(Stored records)

-=-=-

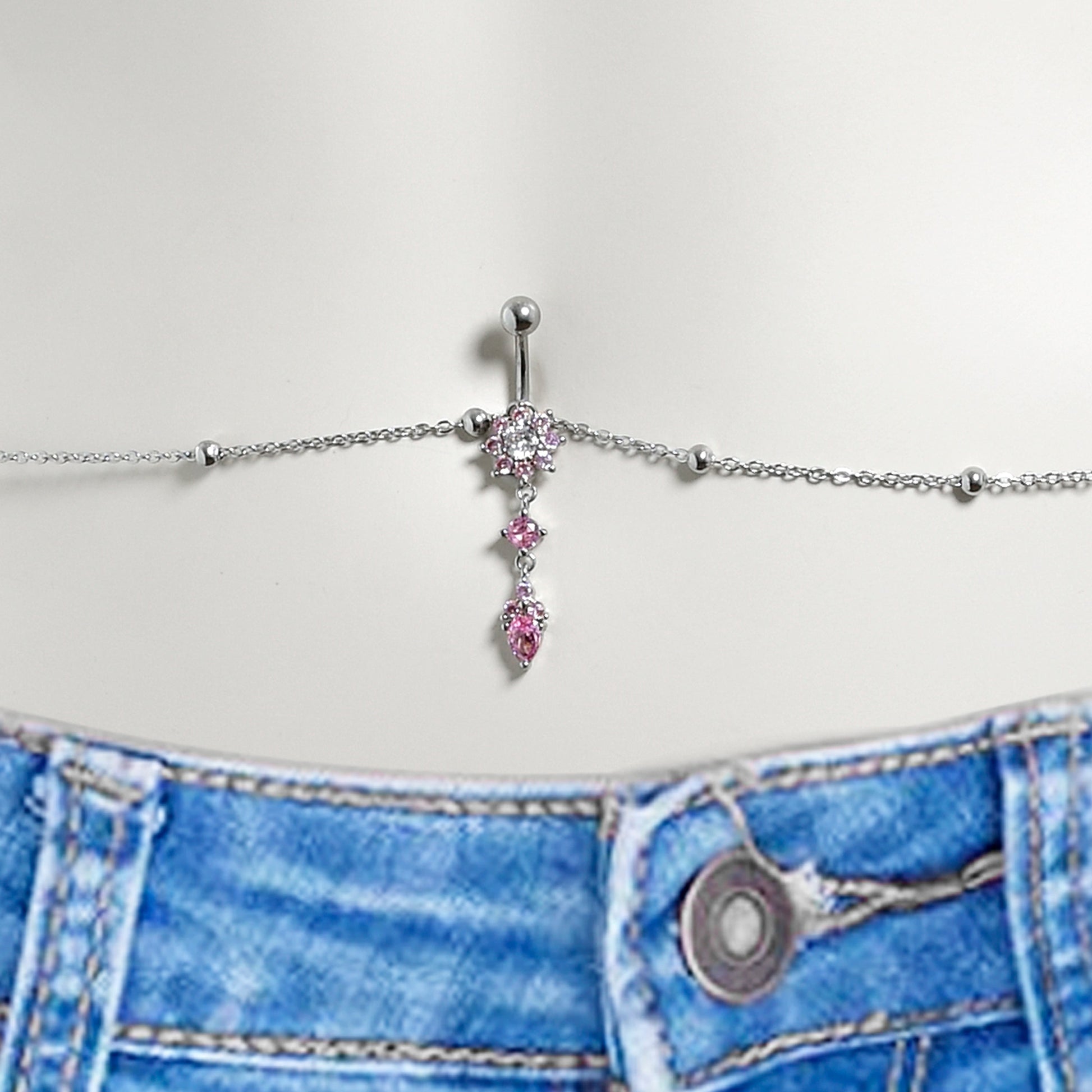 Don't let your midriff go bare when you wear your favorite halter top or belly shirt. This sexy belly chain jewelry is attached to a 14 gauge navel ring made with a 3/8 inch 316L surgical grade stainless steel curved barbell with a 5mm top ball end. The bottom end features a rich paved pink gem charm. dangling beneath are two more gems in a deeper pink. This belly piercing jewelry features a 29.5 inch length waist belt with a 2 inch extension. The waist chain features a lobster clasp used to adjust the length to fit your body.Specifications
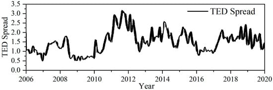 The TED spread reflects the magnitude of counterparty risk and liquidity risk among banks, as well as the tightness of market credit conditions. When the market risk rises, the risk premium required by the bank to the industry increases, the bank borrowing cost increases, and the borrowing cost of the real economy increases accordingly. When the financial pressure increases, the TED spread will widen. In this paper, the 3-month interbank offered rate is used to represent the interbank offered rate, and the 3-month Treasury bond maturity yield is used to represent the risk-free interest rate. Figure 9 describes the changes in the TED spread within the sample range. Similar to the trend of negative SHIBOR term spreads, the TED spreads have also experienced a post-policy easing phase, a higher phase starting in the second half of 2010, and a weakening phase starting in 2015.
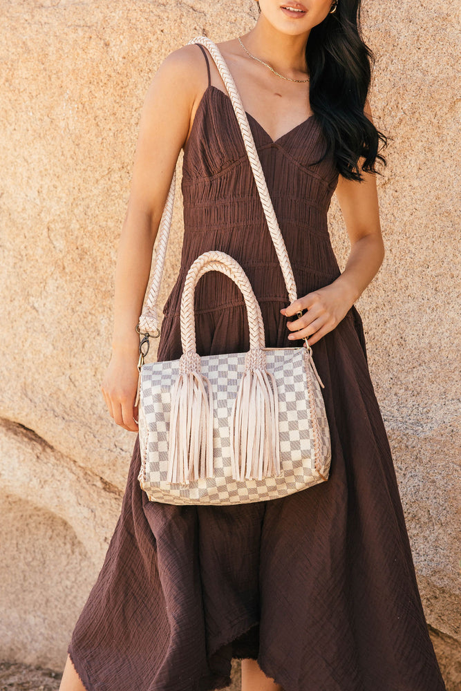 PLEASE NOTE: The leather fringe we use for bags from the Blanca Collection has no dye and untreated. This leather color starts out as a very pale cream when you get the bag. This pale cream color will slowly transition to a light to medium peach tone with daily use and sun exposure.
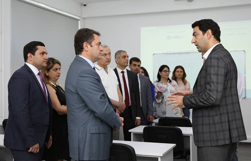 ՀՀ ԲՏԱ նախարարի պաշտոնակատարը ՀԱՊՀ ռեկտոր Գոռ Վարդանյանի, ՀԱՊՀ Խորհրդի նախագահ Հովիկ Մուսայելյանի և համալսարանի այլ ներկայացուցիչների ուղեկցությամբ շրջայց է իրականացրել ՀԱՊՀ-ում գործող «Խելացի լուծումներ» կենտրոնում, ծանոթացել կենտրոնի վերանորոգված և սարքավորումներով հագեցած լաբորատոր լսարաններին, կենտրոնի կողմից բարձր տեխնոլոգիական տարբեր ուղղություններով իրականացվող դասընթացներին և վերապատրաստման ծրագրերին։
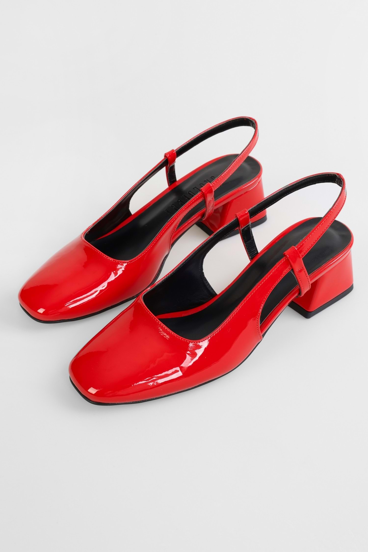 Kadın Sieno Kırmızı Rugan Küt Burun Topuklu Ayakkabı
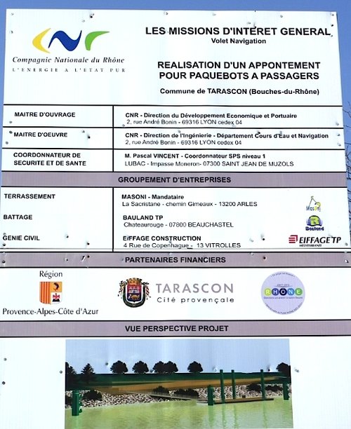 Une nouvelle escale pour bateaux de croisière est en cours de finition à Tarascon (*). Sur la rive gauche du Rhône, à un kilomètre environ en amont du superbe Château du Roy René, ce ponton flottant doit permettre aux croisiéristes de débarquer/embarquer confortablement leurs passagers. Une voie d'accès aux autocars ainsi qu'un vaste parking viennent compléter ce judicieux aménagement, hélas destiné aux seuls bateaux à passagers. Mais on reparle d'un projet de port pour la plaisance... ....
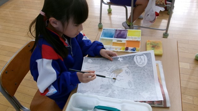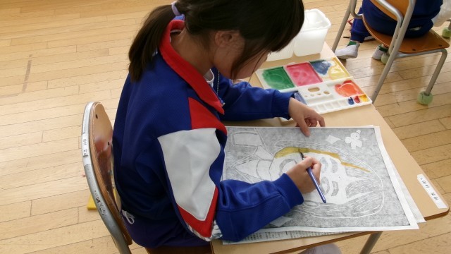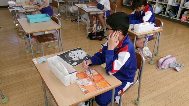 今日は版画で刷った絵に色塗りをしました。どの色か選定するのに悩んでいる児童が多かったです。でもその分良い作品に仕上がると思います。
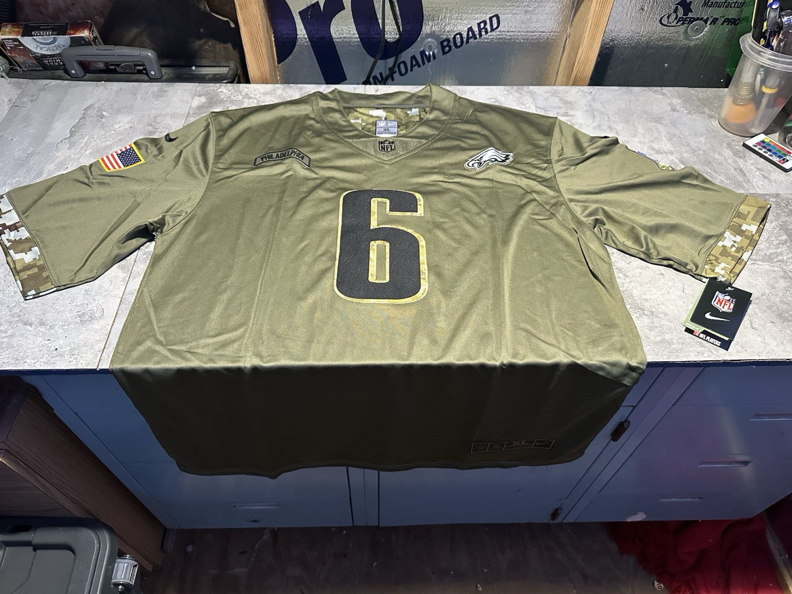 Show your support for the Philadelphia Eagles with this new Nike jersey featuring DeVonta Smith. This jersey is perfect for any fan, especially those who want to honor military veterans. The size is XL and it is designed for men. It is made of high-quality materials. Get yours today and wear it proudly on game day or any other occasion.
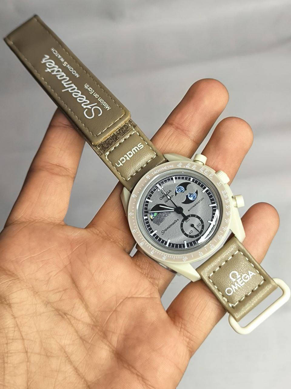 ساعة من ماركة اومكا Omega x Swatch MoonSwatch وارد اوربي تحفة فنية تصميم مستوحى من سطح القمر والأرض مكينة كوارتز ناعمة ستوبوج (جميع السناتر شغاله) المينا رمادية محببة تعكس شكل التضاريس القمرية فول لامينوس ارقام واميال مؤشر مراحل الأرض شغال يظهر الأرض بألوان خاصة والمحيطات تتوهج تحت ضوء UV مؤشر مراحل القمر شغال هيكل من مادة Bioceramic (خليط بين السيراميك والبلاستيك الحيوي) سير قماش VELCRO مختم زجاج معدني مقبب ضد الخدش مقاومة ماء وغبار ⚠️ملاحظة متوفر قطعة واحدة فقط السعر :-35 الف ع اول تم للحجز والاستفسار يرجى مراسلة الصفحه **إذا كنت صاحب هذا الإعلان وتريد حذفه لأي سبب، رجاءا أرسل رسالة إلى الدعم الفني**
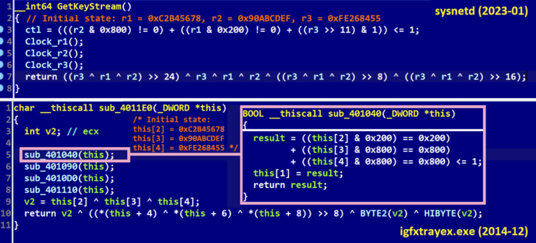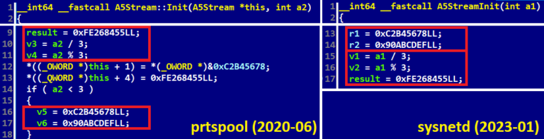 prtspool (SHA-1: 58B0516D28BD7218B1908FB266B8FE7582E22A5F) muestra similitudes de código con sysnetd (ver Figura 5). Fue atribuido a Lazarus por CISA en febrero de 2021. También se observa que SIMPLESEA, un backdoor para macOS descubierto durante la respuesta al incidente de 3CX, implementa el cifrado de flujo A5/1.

-=-=-

## How to complete this task
Give the lines above again exactly, from the one containing "Une nouvelle escale" to the one containing "今日は版画で刷った絵に色塗り", both included, but leave out the pictures.

## Written solution
 Une nouvelle escale pour bateaux de croisière est en cours de finition à Tarascon (*). Sur la rive gauche du Rhône, à un kilomètre environ en amont du superbe Château du Roy René, ce ponton flottant doit permettre aux croisiéristes de débarquer/embarquer confortablement leurs passagers. Une voie d'accès aux autocars ainsi qu'un vaste parking viennent compléter ce judicieux aménagement, hélas destiné aux seuls bateaux à passagers. Mais on reparle d'un projet de port pour la plaisance... ....
 今日は版画で刷った絵に色塗りをしました。どの色か選定するのに悩んでいる児童が多かったです。でもその分良い作品に仕上がると思います。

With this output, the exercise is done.